In 1984, Maryalice Klammer and Dominique Buffair,
transplants from New York City, found the empty theatre too much to bear and
began the Old Church Theater. The first production was “Finian’s Rainbow.” The
group has continued to present summer theater in the old building for nearly
four decades. They have presented children’s shows each year and provides child
actors training. All participants from
directors and actors to technicians are primarily drawn from the Upper Valley
and has often shared their members with both the Tabor and Thetford groups.
Currently the OCT building is undergoing extensive renovations causing the
company to temporarily move their productions to the Lower Plain. The current
summer program will feature two plays, one of which is a children’s production.
Amateur talent shows with local performers have entertained
area audiences. Sometimes these shows involved competition for prizes or just
bragging rights. Examples included
Orfordville Grange annual show at the Town Hall, Fairlee Fireman’s Follies in
the decade after 1958; “ The Mama’s and Papa’s Show” presented by the Bradford
Pre-School Mothers Club in the 1970s; Tri-Village Firemen shows in the 1980s in
West Topsham; Oxbow’s FBLA club talent show that began in 1974 and continued
annually for years and Cottage Hospital Auxiliary talent show that began in
1991.
Traveling and local choral groups have been a part of local
performances since before the Civil War. As early as 1877, Grand Concerts were
held. These were large-scale works for
soloists, chorus and orchestra. Choral union societies were formed throughout
the valley after 1895 and made presentations from Groton to North Thetford.
At the other end of
the musical genre spectrum were the traveling cowboy shows that came to the
area as early as 1952. The Ernie Lindell show and the Doc Williams show were
two that were in the area beginning in the 1950s. These shows performed in various
local sites including Orford’s Bedell Barn and the Fairlee Town Hall.
The vocal tradition is kept alive by local groups such as
the Thetford Chamber Singers, Full Circle and North County Chorus. The latter, established in 1947, is, like the
others, a mixture of trained voices and others who just share the joy of
singing. It continues the Grand Concert tradition.
As a result of theater’s popularity, it is perhaps not
surprising that snake oil salesmen sought to exploit the medium.

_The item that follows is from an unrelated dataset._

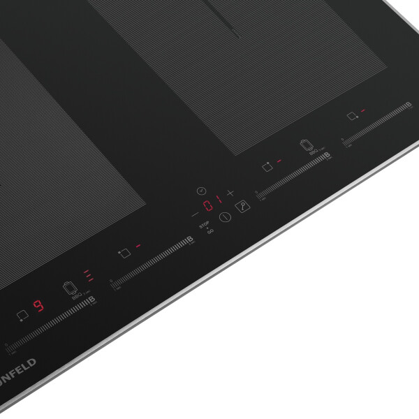 Индикация ступени нагрева (от 0 до 9), функция барбекю, таймер приготовления, таймер минутный, детектор диаметра посуды, индикатор остаточного тепла, замок от детей, блокировка всех элементов в случае мокрой поверхности, автоматическое отключение, бустеры (разгонный блок) для каждого индукционного элемента в отдельности и для мостов в целом.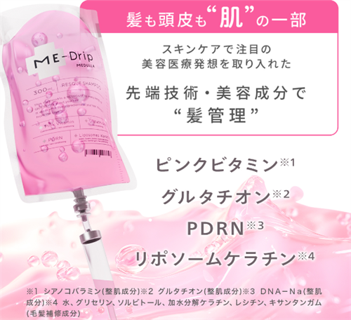 ME-Dripは濃密泡によるダメージ補修、保湿成分の配合、無添加処方など、髪と頭皮を同時にケアできるオールインワンシャンプーです。

Occasionally,
a medicine show would visit and with entertainment came a sales pitch for an
astounding cure-all. In 1901, the London Medicine Show offered a week of shows
in South Ryegate to “very good and well pleased audiences.” In 1921, the Pawnee
Indian Medicine Company offered West Fairlee a show along with a “liver and
kidney renovator.”
Unlike those performances, others came without a sales
pitch. Local schools have a tradition of introducing students to dramatic
productions. In addition to frequent one-act competitions, senior plays have
existed in local high schools since about 1900. In 1906, Thetford Academy’s
seniors presented “Little Valley Farm.”
Two senior plays I especially recall are the Orford High production of
“For Pete’s Sake” and the Bradford Academy’s class of 1967 senior play “The
Mouse That Roared.” I was a lead in the former and the director in the latter.
For “Mouse,” the house was filled for
several performance with a total of over 700 spectators. These plays were often staged between major
sports seasons and had the added benefit of drawing a class together for their
final year.
I am sure that I have only touched on the many and mixed
examples of performances that have delighted audiences over the years. Venues such as Alumni Hall in North Haverhill,
the Corinth Coffeehouse, and local churches as well as area commons continue to offer
performances spaces. An overriding characteristic of all of the different
entertainment I have mentioned is that volunteers made them happen. Volunteers
were the producers, performers and production workers. The proceeds from many of these productions
were used for good works in the local community.